Сейчас обрадовался. Выполнились те годы, суета редакционная, всякие шутки и розыгрыши.
Бросился к Лапотю, обнял его. А тут входит Накоряков.
— А вы, оказывается, уже знакомы с Леоновым.
— Как с Леоновым?..
— Так это же с ним вы обнимаетесь…
Фурманов записал потом в дневнике:
«Я вытаращил глаза на Ваську, но спохватился враз, подобрался, молчу, как будто и неожиданности тут нет никакой, как будто все это само собой известно мне давно. Даже рассмеялся, в живот ткнул Ваську:
— Да мы ж, боже мой, мы четыре года знакомы!
А сам гляжу ему в густые зеленые глаза и думаю.
«Да что же за диво такое! Вот не гадал!»
И потом я все заново приглядывался к лицу его и видел, что на лице у него есть будущее, а особенно в этих глубоких, налитых электричеством большого мастера зеленых глазах его, Васьки. И чувствовал я, как растет во мне интерес и нему, растет уважение, чуткое внимание к слову, к движению его. Я сразу преобразил Ваську Лаптева в Леонова, отличного, большого в будущем писателя.
И теперь не встречусь — нет больше для меня Васьки Лаптева, не вижу я его в Леониде Леонове — вижу только этого нового человека, по-новому чувствую, понимаю его — вот как!»
Фурманов и Леонов обменялись своими новыми книжками.
На экземпляре «Мятежа» Фурманов написал: «Четыре года я видел тебя — и не знал, что это ты!..»
…Именно в эти сентябрьские дни двадцать пятого года Фурманов получил то письмо от Максима Горького, в котором Горький давал оценку «Чапаеву» и «Мятежу».

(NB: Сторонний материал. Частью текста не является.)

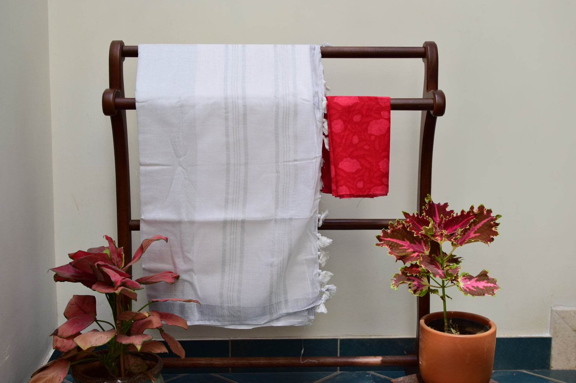 This is a Linen saree with a gorgeous silver Zari to enhance sheer elegance.

31 октября 1925 года умер Михаил Васильевич Фрунзе. Для Фурманова это было тяжелое несчастье. Ушел из жизни близкий человек, связь
Каждую свою новую книгу Дмитрий Андреевич посылал Фрунзе с теплой, трогательной надписью. После гражданской войны Фрунзе долго работал на Украине. Приезжая в Москву, он обязательно собирал друзей-ивановцев, друзей-чапаевцев, и среди них всегда был Дмитрий Фурманов.

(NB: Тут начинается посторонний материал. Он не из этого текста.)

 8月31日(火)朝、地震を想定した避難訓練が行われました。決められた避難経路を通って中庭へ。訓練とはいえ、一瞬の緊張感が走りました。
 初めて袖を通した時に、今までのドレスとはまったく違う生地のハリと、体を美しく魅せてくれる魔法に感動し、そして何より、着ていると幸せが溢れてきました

И вот в ненастный осенний день двадцать пятого года друзья-ивановцы собрались без своего вожака. Направились к Колонному залу Дома союзов, где лежал командарм, стали в почетный караул.
Фурманов вглядывался в любимые черты, и проходила перед ним вся жизнь…

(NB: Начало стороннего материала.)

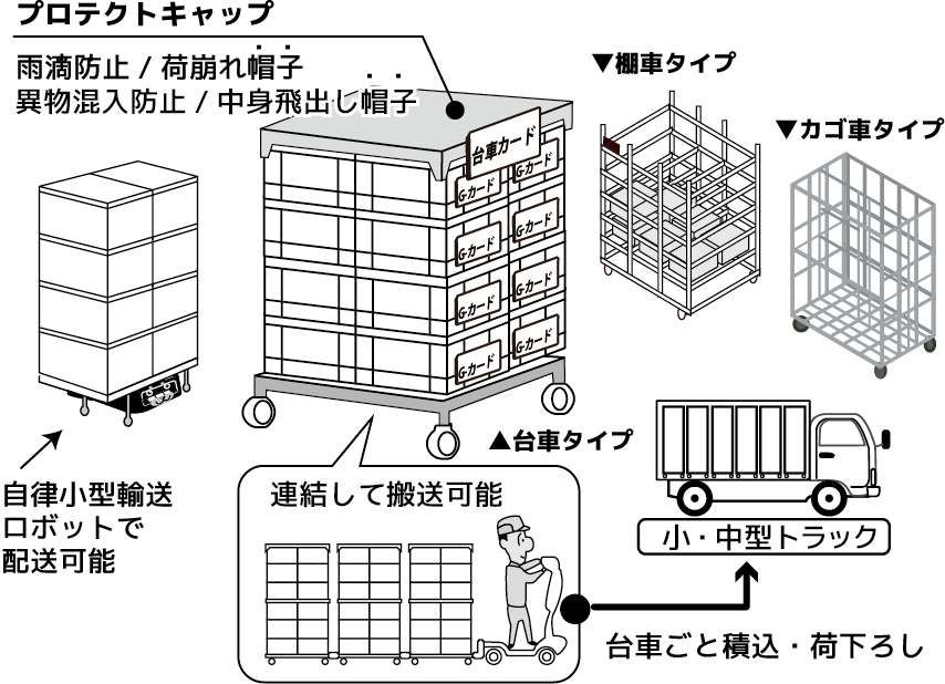 ●運行社・便名・予定時間・発地・経由・行先 積載台車情報の可視化

Вот они сидят с товарищем Арсением в Ивановском революционном штабе, и Фрунзе говорит ему о партии большевиков… Вот слышатся ему вдохновенные слова Михаила Васильевича перед отъездом на фронт.
Уфа. Река Белая. Чапаев ранен. Фрунзе появляется перед Ивановским полком. Фрунзе в цепи. Лавиной несутся бойцы за любимым командармом. Фрунзе контужен, но не уходит с поля боя…
И вот последнее выступление Фрунзе по вопросам литературы… Учитель… Командарм… Вожак.
Утром Фурманов делал доклад о Фрунзе в школе ВЦИК. Не сдержался — заплакал… Да и сейчас… Нет, надо взять себя в руки… И он начинает думать о книге, которую он напишет о товарище Арсении… Обязательно напишет.